Welche Angebote gibt es abseits des Programms?
Medienbildung ist – auch nach Ansicht der Kultusminister der Bundesländer – eine gesamtgesellschaftliche Aufgabe für Schule, Eltern, Politik und Medien. Als föderaler Medienverbund sind wir ein idealer Partner für Schulen vor Ort. Die ARD lädt Schüler*innen in die Medienhäuser ein. Hier können sie erleben, wie wir Inhalte produzieren, und oft auch mitmachen. Zum WDR nach Köln kommen täglich bis zu sechs Klassen. Die ARD besucht auch Schulen, der SWR bietet zum Beispiel Workshops mit Nachrichtenprofis. Lehrkräfte finden bei der ARD Material für den Unterricht und für zu Hause: Erklärvideos, Stundenpläne, Quiz oder Spiele wie den SWR Fakefinder. Mit „einfach.medien“ (NDR) können Lehrende in einer Schulstunde vermitteln, wie Influencer*innen Geld verdienen – eben um Werbung und Meinung zu unterscheiden.

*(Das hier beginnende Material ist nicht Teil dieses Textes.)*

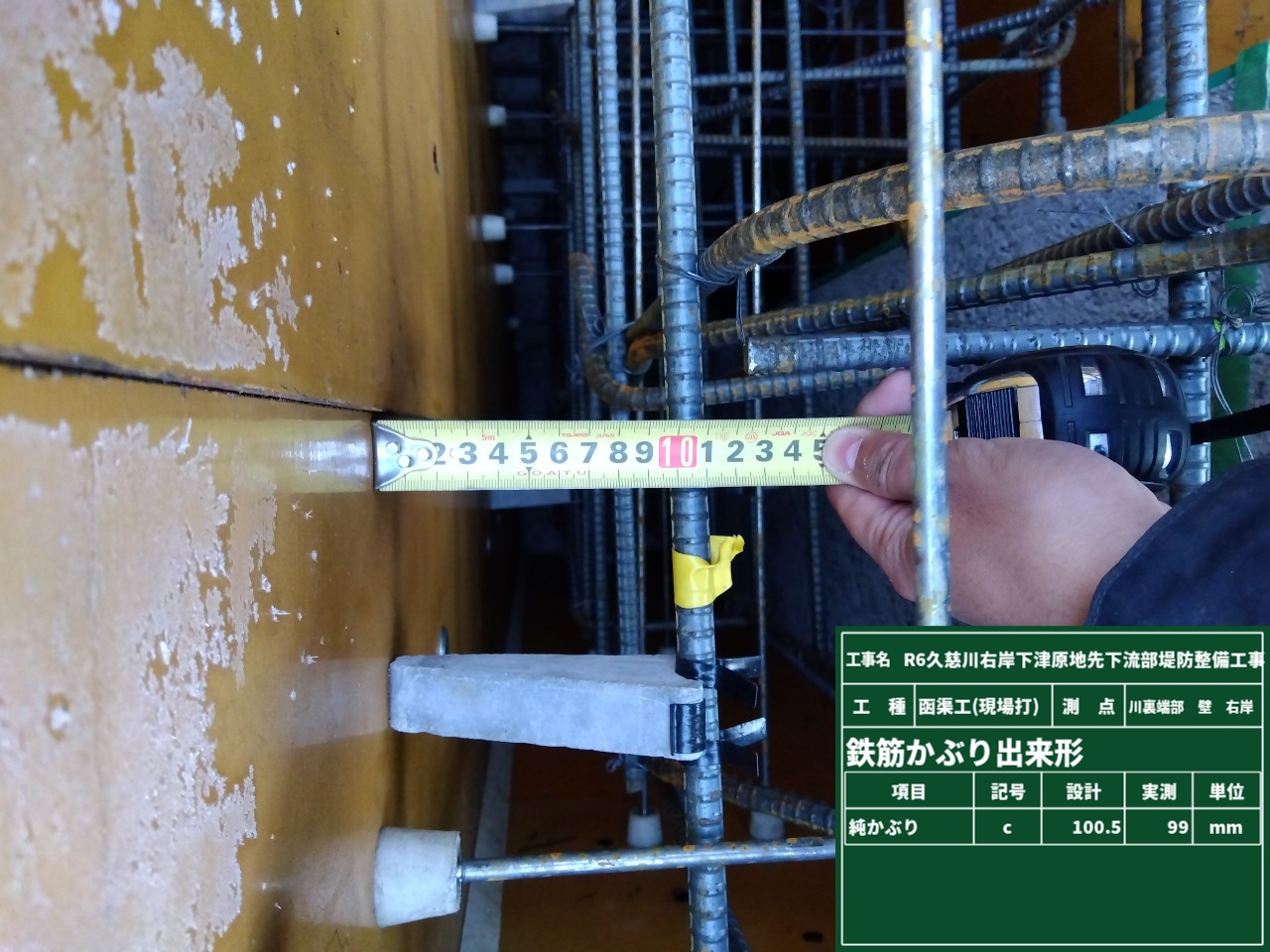川裏端部に続いて、樋管端部・胸壁の鉄筋検査を行いました。

Was kann die ARD bei der Vermittlung von Medienkompetenz besser machen?
Auch hier müssen wir unsere Kräfte weiter bündeln. Ich fände es schön, wenn Kinder und Jugendliche in ihrer Schullaufbahn mindestens einmal, besser zwei- oder dreimal Kontakt mit der ARD hätten. Und das nicht nur im Gymnasium, sondern in allen Schulformen und bestenfalls schon in der Kita.
Zu Kai Gniffke:
Kai Gniffke ist seit Januar 2023 Vorsitzender der ARD und seit September 2019 Intendant des Südwestrundfunks. Mehr als zehn Jahre verantwortete er als Erster Chefredakteur ARD-aktuell unter anderem die Tagesschau, Tagesthemen und tagesschau.de. 2007 erhielt Kai Gniffke den Grimme Online Award für seine Autorenschaft im Tagesschau-Blog.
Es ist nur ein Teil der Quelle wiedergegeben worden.